I am seeing some odd behavior with BAM file import from FTP staging directory where ownership of imported file is retained instead of being changed to galaxy system user account.
I should note that our site is not using galaxy specific FTP server configuration, but instead we have configured a directory namespace where cluster users can drop-off files using scp, sftp or even fetch using wget. The galaxy system account can access these files and hence it can import them into it's datasets staging directory using 'FTP' upload mechanism. We have been using this configuration for about a year now with ~ 15,000 files deposited using it.
There have been few instances (22) where file ownership didn't change to galaxy system account after a file was imported into the galaxy. Normally when a file is imported from FTP directory to Galaxy's datasets staging directory, it's inode entry and ownership is changed. In these twenty-two cases, which appear to be specific with BAM files, the inode entry and ownership didn't change, but the file name is in galaxy's datase_nnnnn.dat format and file contents/size are legit. So it seems for 'successful' import operations the file is copied to galaxy space (ownership and inode changed) and for 'unsuccessful' import operations file is moved to galaxy space.

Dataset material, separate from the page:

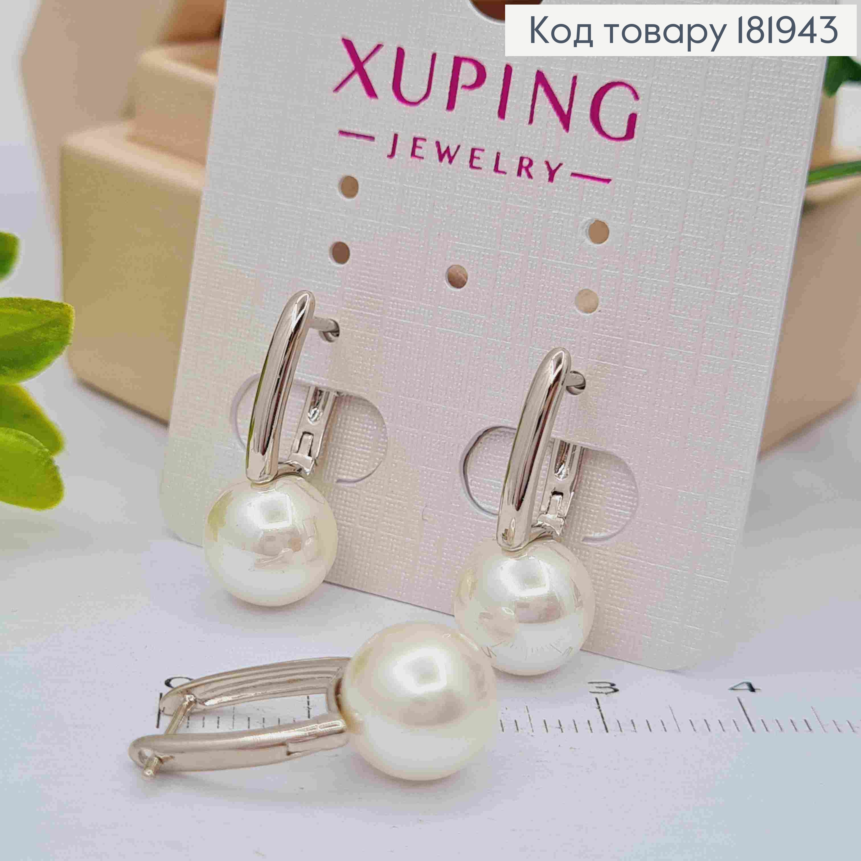 Серьги родованные с жемчужиной (1см), дл. 2,1см, английская застежка, Xuping

I was wondering if someone could help me in understanding the upload tool operation, so that I can get better sense of underlying file ownership issues. I have seen it happening for a file where it had exactly same permissions/ACLs, as the file which was successfully imported. So are there any other factors that might be preventing file ownership/inode changes? Does galaxy have a different import mechanisms according to file type?
We are using galaxy-dist revision 40f1816d6857 (will be updated soon!). This issue has happened even before this dist version was in place. Any pointers for debugging will be really helpful.
--
Shantanu